Problem to work on - Give back every entry exactly; drop the pictures.

Listed entries -
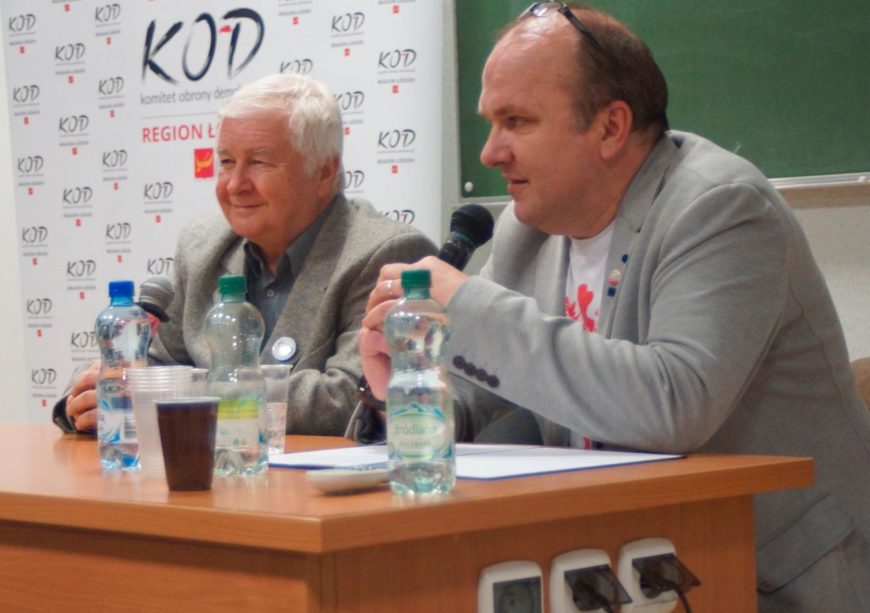Umówiliśmy się na taką formułę spotkania, w której Krzysztof odpowiadał będzie głównie na pytania zadane z sali. Kilka z nich wcześniej przygotowali sympatycy i członkowie KOD regionu łódzkiego, którzy nie mogli się pojawić na spotkaniu. Krzysztof Łoziński od połowy stycznia jest członkiem Zarządu Głównego KOD a jednocześnie obok Mateusza Kijowskiego jednym z dwóch, póki co, kandydatów ubiegających się o funkcję Przewodniczącego Zarządu Głównego KOD. Wybory przed nami, na zbliżającym się Walnym Zgromadzeniu. Nie trudno się było domyślić, że sporo pytań dotyczyć będzie stanu naszego stowarzyszenia, planów naprawczych, programu – tego, co ma do zaproponowania Krzysztof jako kandydat.
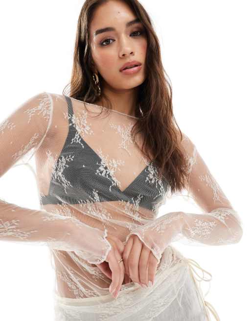 Miss Selfridge – Transparentes Oberteil aus Jersey und Spitze in Cremeweiß mit Carmen-Ausschnitt
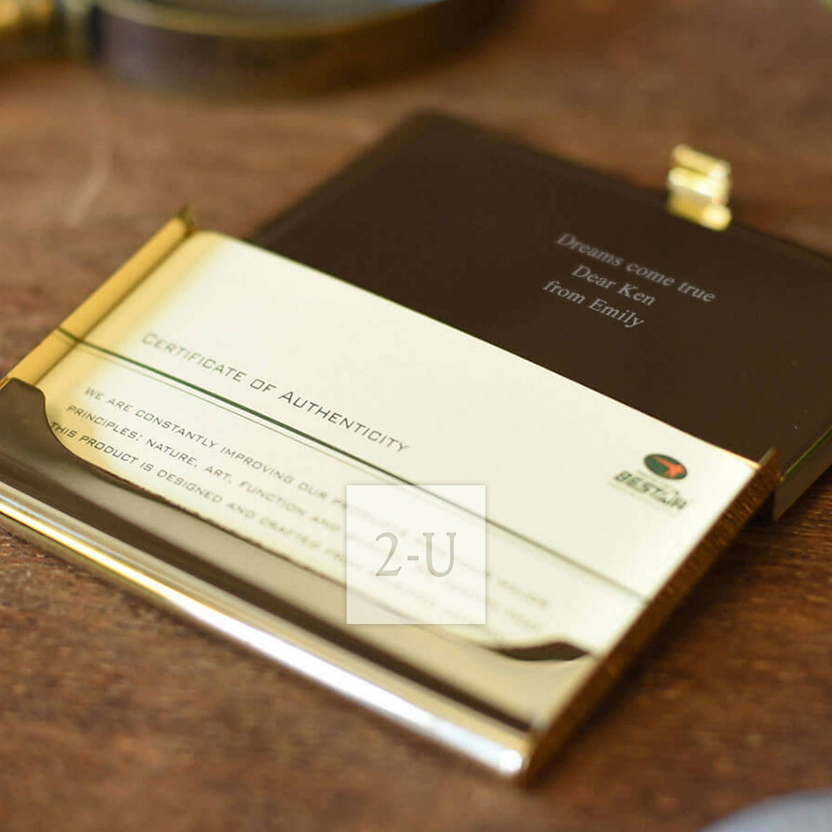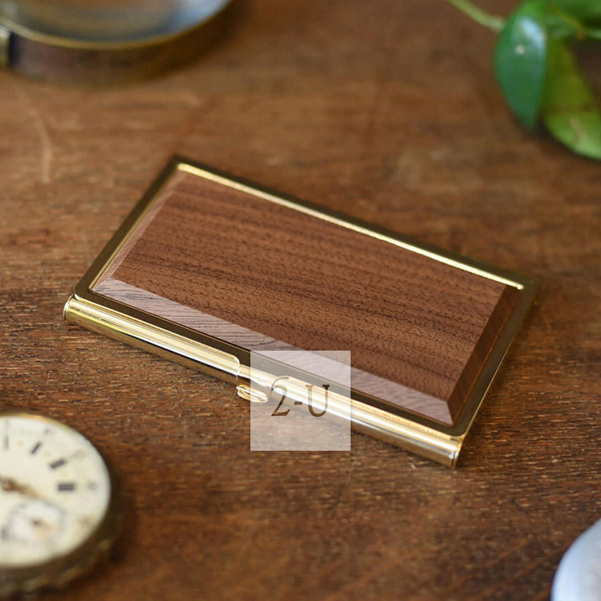 這款名片盒卡片盒設計如同高檔傢居工藝品一般,蓋面是鬍桃木,盒身是金色黃銅,時尚又帶有復古又懷舊的意味。復古的意味經得住長年的使用和歲月的磨逝,但是金屬的透亮又透著時尚,適郃有格調有身份的人士使用。
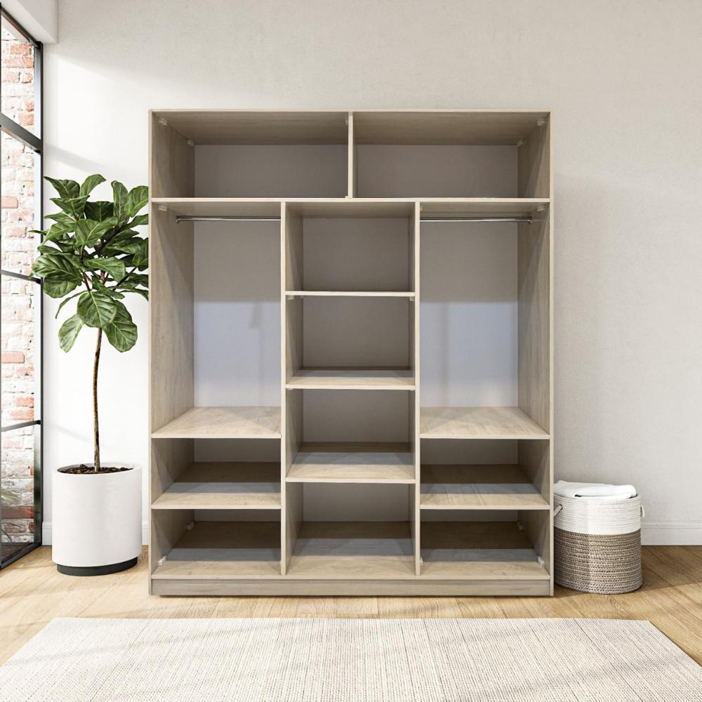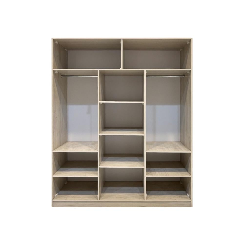 دولاب بتصميم مفتوح عصري وعملي، مصنوع من خشب MDF عالي الجودة بلون بيج دافئ يضفي لمسة هادئة وأنيقة على الغرفة. يتميز بتقسيم ذكي يوفّر جهتين لتعليق الملابس ومساحة وسطية بأرفف للتطبيق، بالإضافة إلى مساحات تخزين علوية وسفلية تساعدك في تنظيم أغراضك بطريقة مريحة ومرتبة.
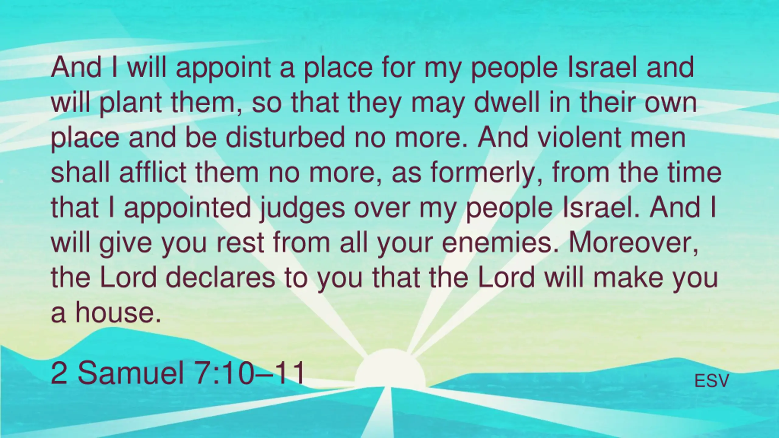 And I will appoint a place for my people Israel and will plant them, so that they may dwell in their own place and be disturbed no more. And violent men shall afflict them no more, as formerly, from the time that I appointed judges over my people Israel. And I will give you rest from all your enemies. Moreover, the Lord declares to you that the Lord will make you a house. 2 Samuel 7:10 11 ESV

Solution for this exercise -
Umówiliśmy się na taką formułę spotkania, w której Krzysztof odpowiadał będzie głównie na pytania zadane z sali. Kilka z nich wcześniej przygotowali sympatycy i członkowie KOD regionu łódzkiego, którzy nie mogli się pojawić na spotkaniu. Krzysztof Łoziński od połowy stycznia jest członkiem Zarządu Głównego KOD a jednocześnie obok Mateusza Kijowskiego jednym z dwóch, póki co, kandydatów ubiegających się o funkcję Przewodniczącego Zarządu Głównego KOD. Wybory przed nami, na zbliżającym się Walnym Zgromadzeniu. Nie trudno się było domyślić, że sporo pytań dotyczyć będzie stanu naszego stowarzyszenia, planów naprawczych, programu – tego, co ma do zaproponowania Krzysztof jako kandydat.
 Miss Selfridge – Transparentes Oberteil aus Jersey und Spitze in Cremeweiß mit Carmen-Ausschnitt
 這款名片盒卡片盒設計如同高檔傢居工藝品一般,蓋面是鬍桃木,盒身是金色黃銅,時尚又帶有復古又懷舊的意味。復古的意味經得住長年的使用和歲月的磨逝,但是金屬的透亮又透著時尚,適郃有格調有身份的人士使用。
 دولاب بتصميم مفتوح عصري وعملي، مصنوع من خشب MDF عالي الجودة بلون بيج دافئ يضفي لمسة هادئة وأنيقة على الغرفة. يتميز بتقسيم ذكي يوفّر جهتين لتعليق الملابس ومساحة وسطية بأرفف للتطبيق، بالإضافة إلى مساحات تخزين علوية وسفلية تساعدك في تنظيم أغراضك بطريقة مريحة ومرتبة.
 And I will appoint a place for my people Israel and will plant them, so that they may dwell in their own place and be disturbed no more. And violent men shall afflict them no more, as formerly, from the time that I appointed judges over my people Israel. And I will give you rest from all your enemies. Moreover, the Lord declares to you that the Lord will make you a house. 2 Samuel 7:10 11 ESV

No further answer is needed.